→ **GIVEN MATERIAL**:
━━━━━━━━━━━━━━━━
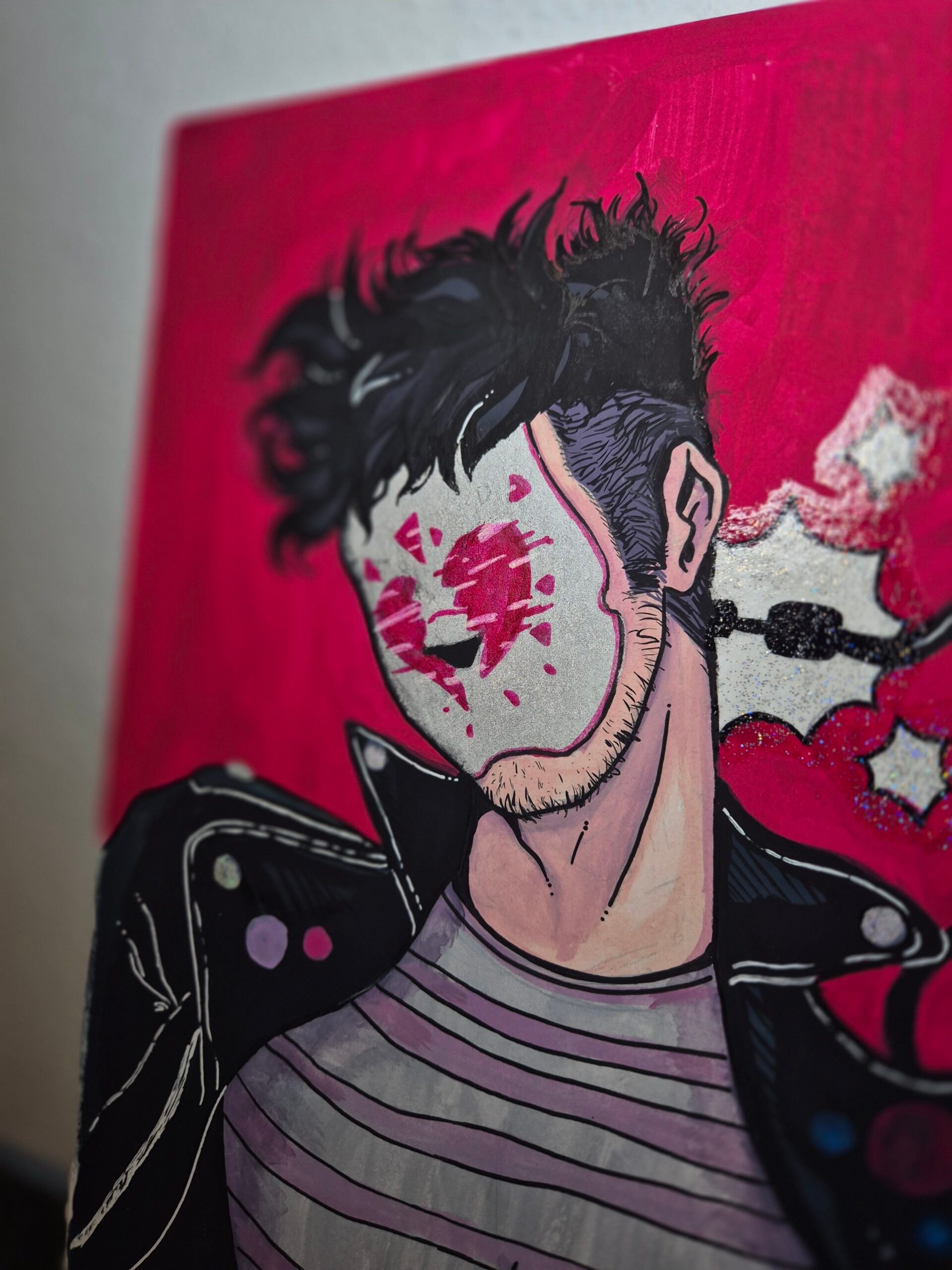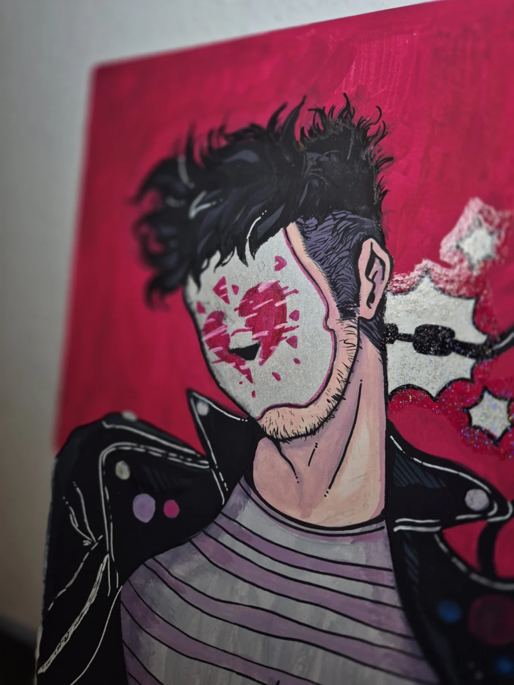 Painting with marker, watercolor, gouche and glittery nail polish on 300g/mยฒ Watercolor paper
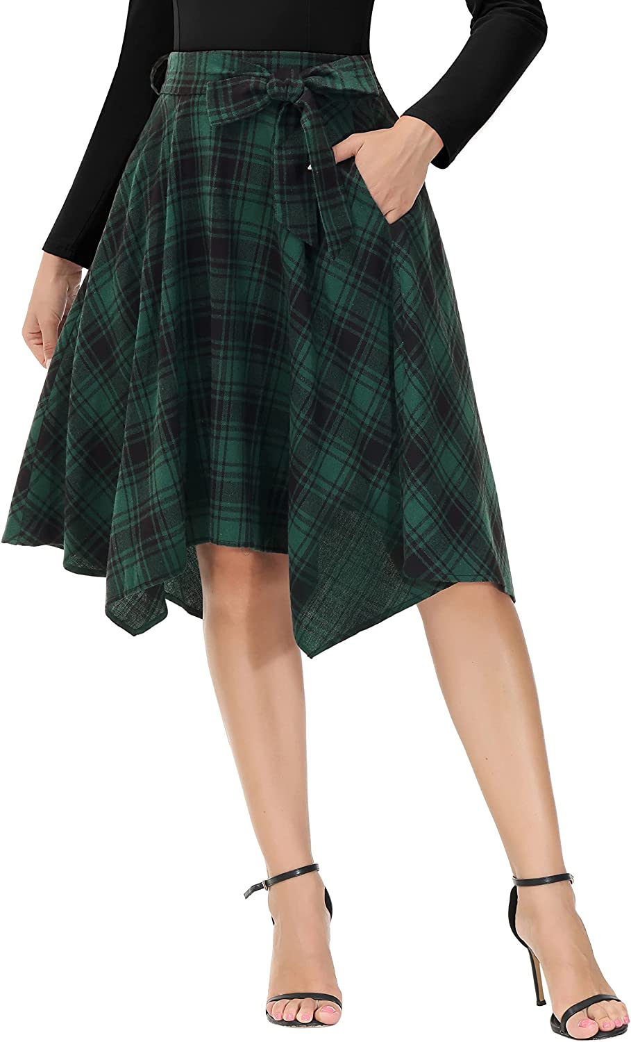 Belle Poque Women's Plaid Skirt A-Line Flared High Waisted Skirt with Pockets
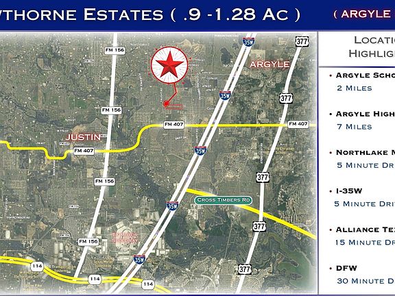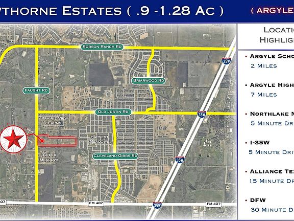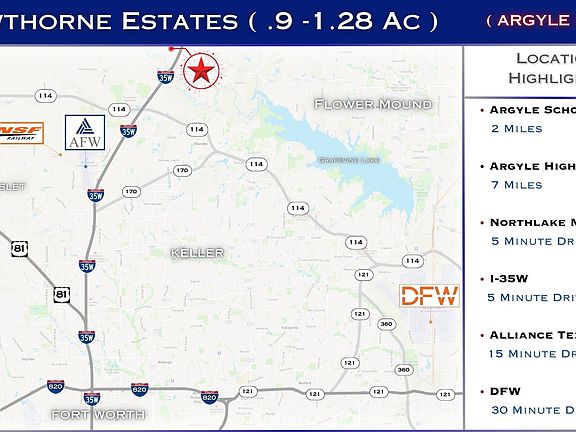 Discover the perfect blend of tranquility and convenience at Hawthorne Estates, Located at 880 Faught Rd, brand-new community nestled in the heart of Northlake, Texas. With 27 spacious lots ranging from .9 to 1.27 acres, this haven offers a peaceful and scenic retreat for homeowners.
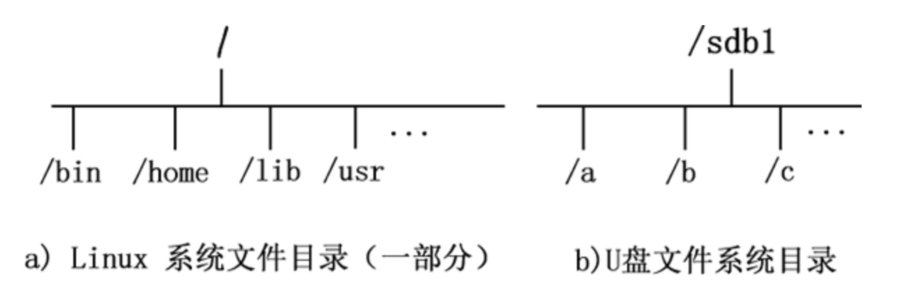 如图所示,是U盘存储设备和Linux系统自己的文件系统结构,此时Linux想要使用U盘的硬件设备,必须将Linux本身的目录和硬件设备的文件目录合二为一,此过程就称之为挂载。
━━━━━━━━━━━━━━━━
→ **EXERCISE DIRECTIONS**:
Pictures are to be left out; otherwise, retype exactly the lines from the first line of the data through the line containing "Discover the perfect".

→ **EXERCISE RESPONSE**:
 Painting with marker, watercolor, gouche and glittery nail polish on 300g/mยฒ Watercolor paper
 Belle Poque Women's Plaid Skirt A-Line Flared High Waisted Skirt with Pockets
 Discover the perfect blend of tranquility and convenience at Hawthorne Estates, Located at 880 Faught Rd, brand-new community nestled in the heart of Northlake, Texas. With 27 spacious lots ranging from .9 to 1.27 acres, this haven offers a peaceful and scenic retreat for homeowners.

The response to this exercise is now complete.